Cold Cave, the musical brainchild of Wesley Eisold, has significantly evolved from its last studio album, "Love Comes Close" (2009). The band's original sound was an amalgamation of synthpop and haunting melodies showing tribute to the new-wave goth movement that Eisold discovered in New York City.
As Eisold wrote on his blog, "When the album was announced a few weeks ago, it was said that the record is a love letter to NYC. That's not exactly true. It's a love letter to the path that has led me to where I am now, to loss and love and friends and enemies and the dizzied and blurred ways of the world. This song and record is about magic, preservation, youth and movement."
The lyrics do play into the romantic themes Eisold references, picking up on the nostalgia he felt as he traveled through all the cities he'd grown up in, but on first listen the lyrics are not the first thing you notice.
"Cherish the Light Years," the band's newest release, is a loud, harmonious chorus of '80s-style synthesizers, reminiscent of everything from New Order to Depeche Mode, especially with Eisold's moody vocals lamenting the too-quick progression of his life. The opening song, "The Great Pan is Dead," is a bold beginning, and it is clear to anyone who knows any of Cold Cave's previous music that this album is going to be very different.
From songs such as their 2009 single "The Laurels of Erotomania," a hypnotic dance track that wouldn't have been out of place alongside anything by Visage in an '80s disco hall, to the deceitfully upbeat sound of this album's "Pacing Around the Church," Eisold has definitely acquired some depth in his songwriting. The energetic and prominent tones of the synthesizers mask the attitude of the lyrics as Eisold sings, "You can seldom count on love/ You can often count on hate/ You can always count on/ Death as your fate."

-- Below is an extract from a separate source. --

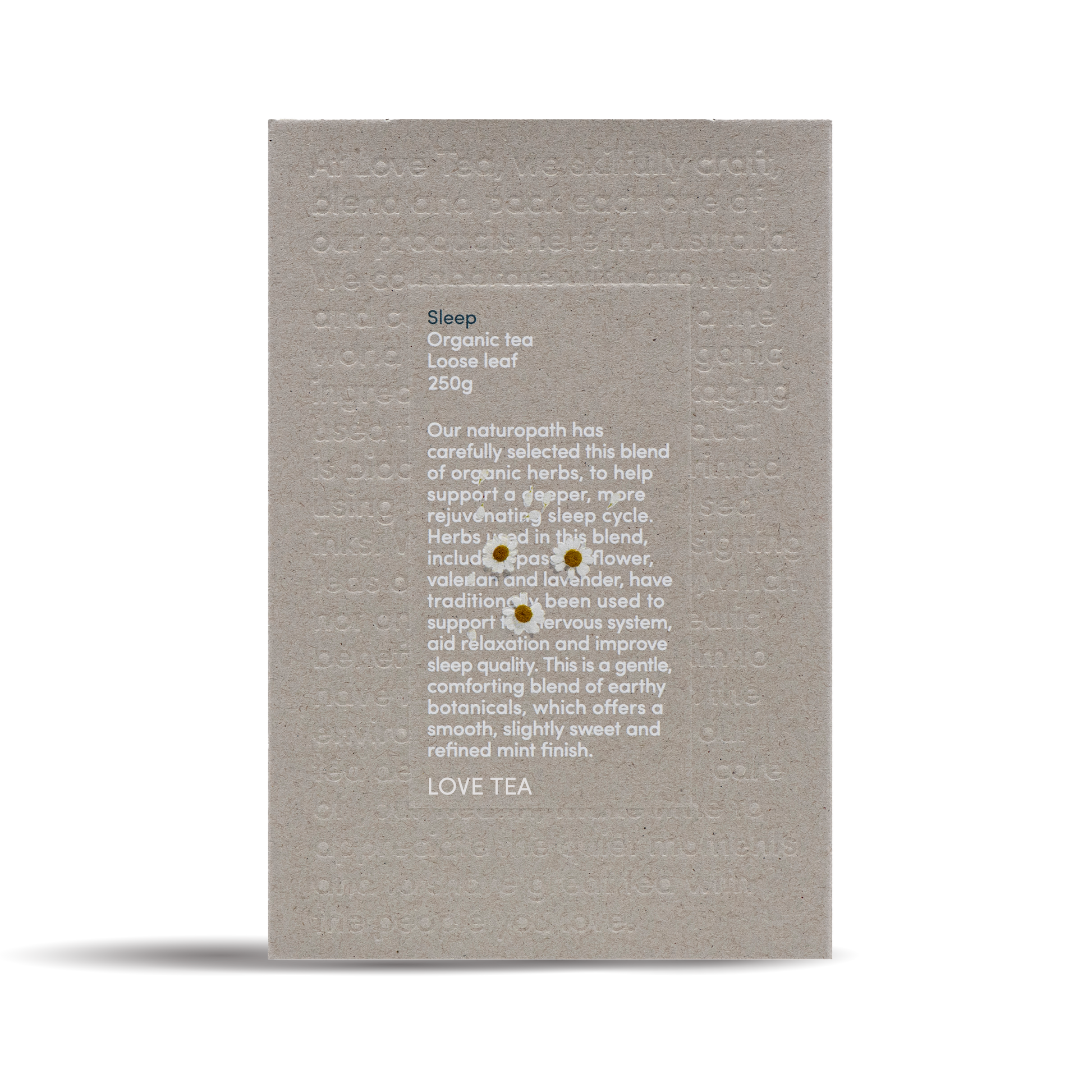 Our naturopath has carefully selected this blend of organic herbs, to help support a deeper, more rejuvenating sleep cycle. Herbs used in this blend, including passion flower, valerian and lavender, have traditionally been used to support the nervous system, aid relaxation and improve sleep quality. This is a gentle, comforting blend of earthy botanicals, which offers a smooth, slightly sweet and refined mint finish.

The timbre of "Cherish the Light Years" is somewhat repetitive, though, the replicated percussion setting a tone at the start of the album that persists throughout its entirety. This gives the impression that the album is just a single rather long song with no identifiable breaks. Some prefer this manner of listening to albums, but the strongest albums tend to set an overall tone and then build upon it, with songs branching off into different pitches and creating new atmospheres.
The only spot where this happens is in "Alchemy Around You," well after the halfway mark on the album, where the synthesizers are temporarily replaced with trumpets. It is from this point on that the album peaks again. "Cherish the Light Years" admittedly starts off strong, but after "Alchemy Around You," it becomes all the more apparent that the first several songs are almost indistinguishable from one another.
"Burning Sage," the second-to-last track, starts off slowly but builds up into the most dramatic song on the album. Eisold declares, "I feel so old but so young," before the song hits its apex and the drums and synthesizers kick back in for an impressive ending to the song. The final song on the album, "Villains of the Moon," is, unfortunately, an unremarkable way to end an album that could have been less forgettable had it ended on a higher note.
Yet Cold Cave's sound, however one-note it seems to be, is an interesting one. Perhaps with a little more evolution, the band will reach a place where every song stands out.